In your copy, leave out the pictures and output only the lines from the one holding "Maria McClean invites" through the end of the data below, exactly.

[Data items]

= = = = =

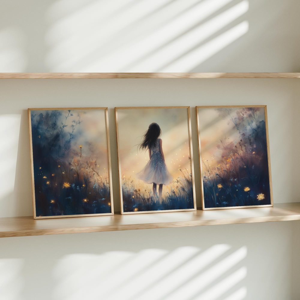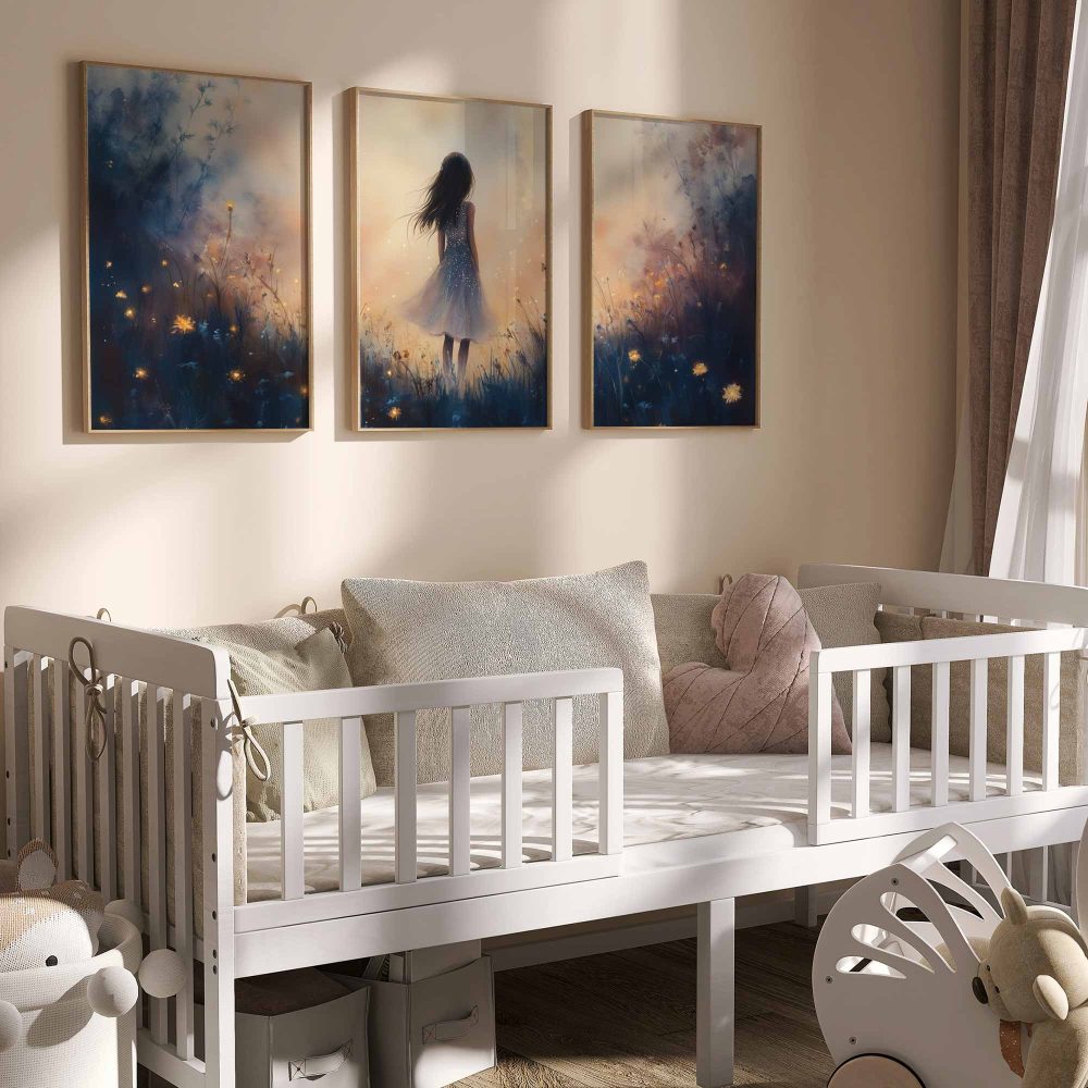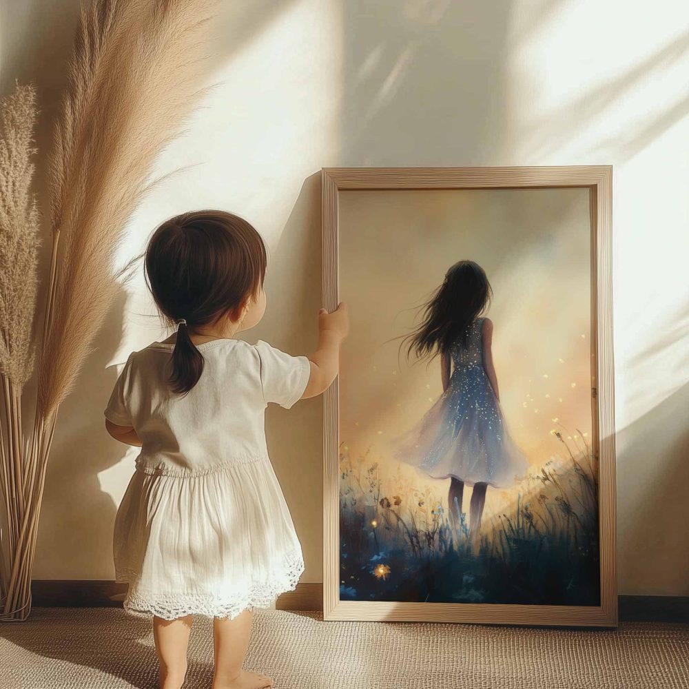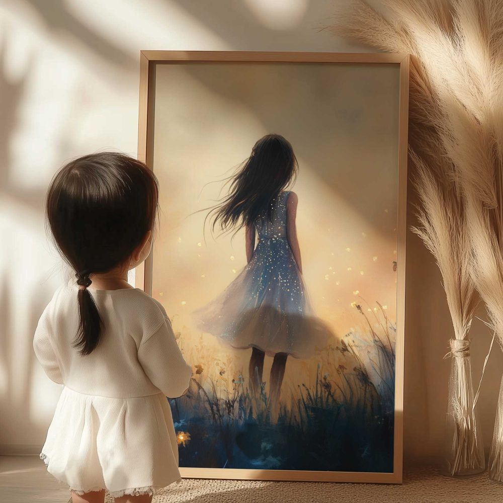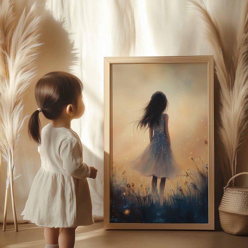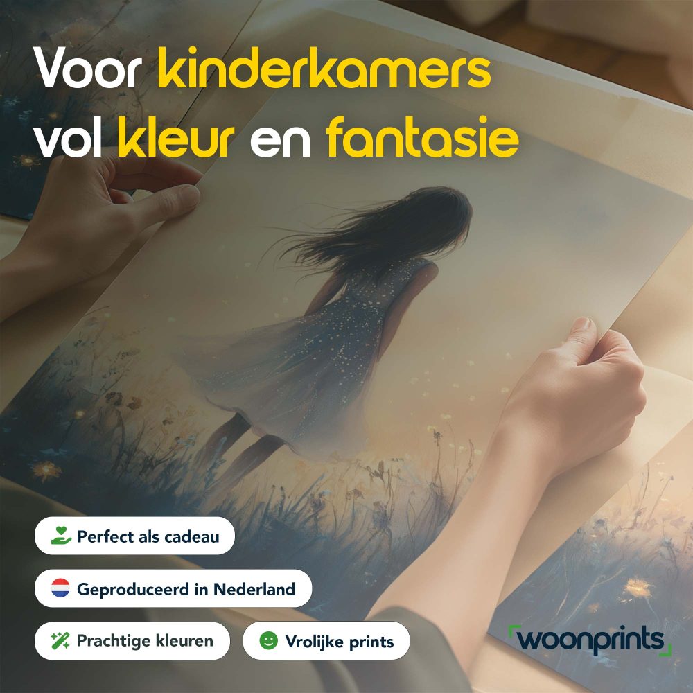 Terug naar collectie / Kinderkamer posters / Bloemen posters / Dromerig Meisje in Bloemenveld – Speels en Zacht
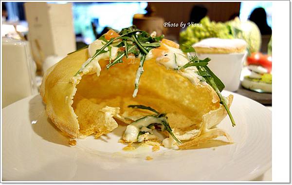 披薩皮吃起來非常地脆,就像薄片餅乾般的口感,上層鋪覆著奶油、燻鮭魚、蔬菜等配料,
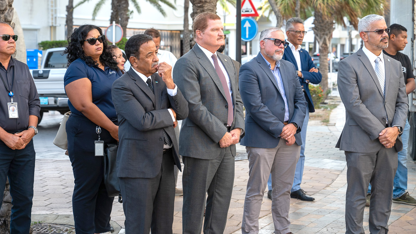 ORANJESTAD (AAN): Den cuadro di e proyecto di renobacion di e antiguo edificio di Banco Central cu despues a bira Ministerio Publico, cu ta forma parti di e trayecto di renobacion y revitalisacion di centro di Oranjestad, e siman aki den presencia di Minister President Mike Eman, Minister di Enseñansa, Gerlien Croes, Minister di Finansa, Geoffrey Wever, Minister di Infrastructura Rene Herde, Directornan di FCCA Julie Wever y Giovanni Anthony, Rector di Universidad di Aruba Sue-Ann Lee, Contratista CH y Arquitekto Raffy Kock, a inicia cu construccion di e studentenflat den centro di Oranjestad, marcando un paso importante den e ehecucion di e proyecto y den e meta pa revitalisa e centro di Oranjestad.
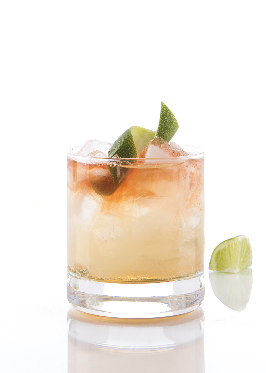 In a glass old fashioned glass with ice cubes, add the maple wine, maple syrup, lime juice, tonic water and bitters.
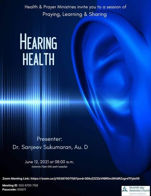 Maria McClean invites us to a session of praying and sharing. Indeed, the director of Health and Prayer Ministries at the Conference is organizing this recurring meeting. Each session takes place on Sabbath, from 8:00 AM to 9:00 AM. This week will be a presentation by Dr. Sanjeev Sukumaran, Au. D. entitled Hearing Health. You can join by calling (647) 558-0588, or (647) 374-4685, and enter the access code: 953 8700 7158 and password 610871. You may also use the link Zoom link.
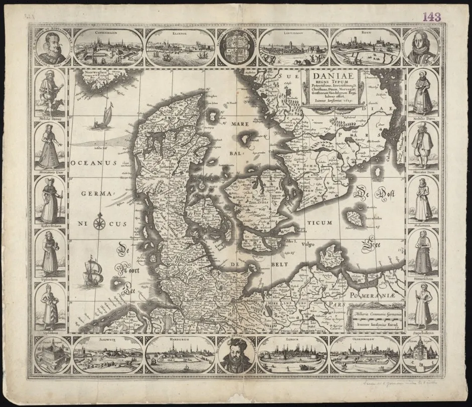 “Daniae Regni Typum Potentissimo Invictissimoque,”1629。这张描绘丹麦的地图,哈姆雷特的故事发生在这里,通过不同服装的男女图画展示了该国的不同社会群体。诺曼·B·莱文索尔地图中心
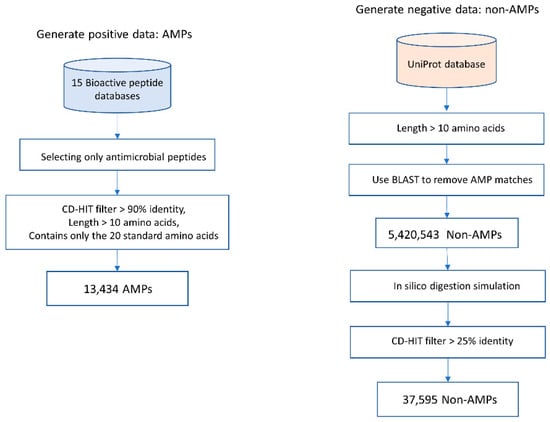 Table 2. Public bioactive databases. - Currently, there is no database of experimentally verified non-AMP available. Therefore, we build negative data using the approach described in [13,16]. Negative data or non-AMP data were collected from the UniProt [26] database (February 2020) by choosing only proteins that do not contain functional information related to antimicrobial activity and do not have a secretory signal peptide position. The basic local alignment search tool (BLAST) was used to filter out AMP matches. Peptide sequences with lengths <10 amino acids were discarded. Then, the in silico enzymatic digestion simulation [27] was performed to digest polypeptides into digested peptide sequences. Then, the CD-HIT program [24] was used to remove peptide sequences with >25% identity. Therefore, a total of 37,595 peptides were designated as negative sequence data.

= = = = =

Solution:
 Maria McClean invites us to a session of praying and sharing. Indeed, the director of Health and Prayer Ministries at the Conference is organizing this recurring meeting. Each session takes place on Sabbath, from 8:00 AM to 9:00 AM. This week will be a presentation by Dr. Sanjeev Sukumaran, Au. D. entitled Hearing Health. You can join by calling (647) 558-0588, or (647) 374-4685, and enter the access code: 953 8700 7158 and password 610871. You may also use the link Zoom link.
 “Daniae Regni Typum Potentissimo Invictissimoque,”1629。这张描绘丹麦的地图,哈姆雷特的故事发生在这里,通过不同服装的男女图画展示了该国的不同社会群体。诺曼·B·莱文索尔地图中心
 Table 2. Public bioactive databases. - Currently, there is no database of experimentally verified non-AMP available. Therefore, we build negative data using the approach described in [13,16]. Negative data or non-AMP data were collected from the UniProt [26] database (February 2020) by choosing only proteins that do not contain functional information related to antimicrobial activity and do not have a secretory signal peptide position. The basic local alignment search tool (BLAST) was used to filter out AMP matches. Peptide sequences with lengths <10 amino acids were discarded. Then, the in silico enzymatic digestion simulation [27] was performed to digest polypeptides into digested peptide sequences. Then, the CD-HIT program [24] was used to remove peptide sequences with >25% identity. Therefore, a total of 37,595 peptides were designated as negative sequence data.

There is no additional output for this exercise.